= Lucile Hac =

American biochemist and microbiologist

Lucile Rose Hac (May 18, 1909 – December 27, 2006) was an American biochemist and microbiologist whose research interests included amino acids, antibiotics, and bone metabolism. She was director of research at International Minerals and Chemical Corporation and a faculty member in the biochemistry department at Northwestern University.

==Life==
Hac was born on 18 May 1909 in Lincoln, Nebraska, and became valedictorian at Lincoln High School, graduating in 1926. She earned bachelor's and master's degrees in chemistry at the University of Nebraska in 1930 and 1931, respectively, earning Phi Beta Kappa honors in 1931. She completed her Ph.D. in organic chemistry in 1935 at the University of Minnesota. Her dissertation, The Addition of Cyclopentadiene to Ortho-benzoquinones, was supervised by Lee Irvin Smith.

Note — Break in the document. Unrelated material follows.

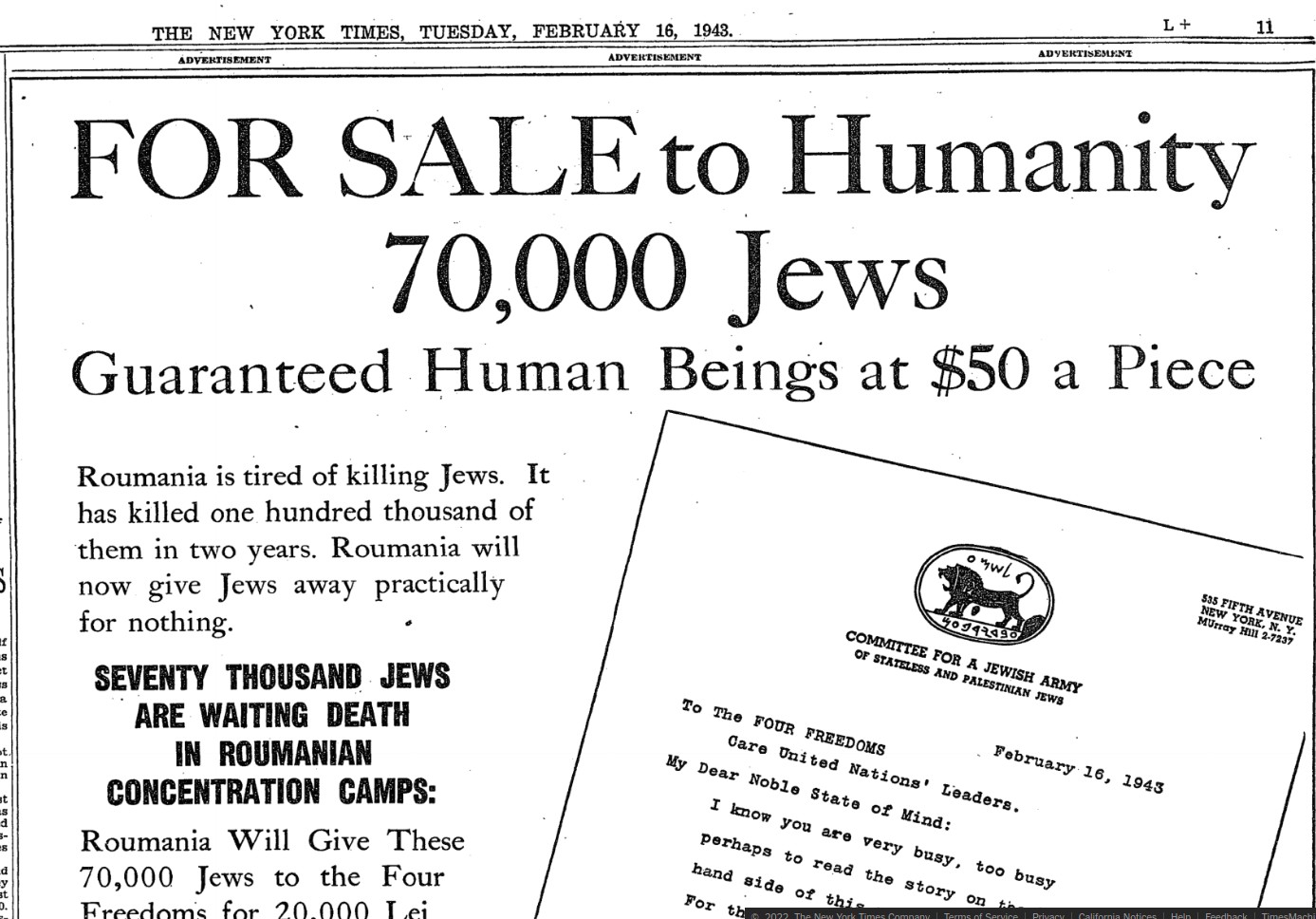 American Jews first learned of the Rumanian offer on Feb. 13, 1943, in a story in The New York Times from London. Chaim Weizmann, the head of the Zionist Organization, was visiting then in the United States. He called Morgenthau, who said he would talk to Roosevelt, with whom he was lunching that day. Roosevelt told Morgenthau to take it up with Welles. Jewish leaders also saw the British Ambassador, Lord Halifax, who promised to cable the Foreign Office to take all measures necessary to remove the Jews, if the offer was genuine. On Feb. 16, before the offer had been confirmed, the Irgunists ran a five-column advertisement in The New York Times:"FOR SALE to Humanity 70,000 Jews Guaranteed Human Beings at- $50 apiece."

After working as a bacteriologist for the Maryland State Health Department and a visiting lecturer at Johns Hopkins University, she worked as a research assistant and instructor at the University of Chicago in the Department of Obstetrics and Gynecology from 1936 to 1943. From 1943 to 1961, she worked at the International Minerals and Chemical Corporation, becoming their director of research. In 1961 she took a faculty position as associate professor of biochemistry at Northwestern University; she retired in 1977.

After retiring, she worked as a career counselor in Winnetka, Illinois, before returning to Lincoln to assist her older sister Marguerite, a music teacher who died in 2003. She died in Lincoln on December 27, 2006.

==Recognition==
Hac was named a Fellow of the American Association for the Advancement of Science in 1951, and as research director at the International Minerals and Chemical Corporation was listed in Chemical Who's Who.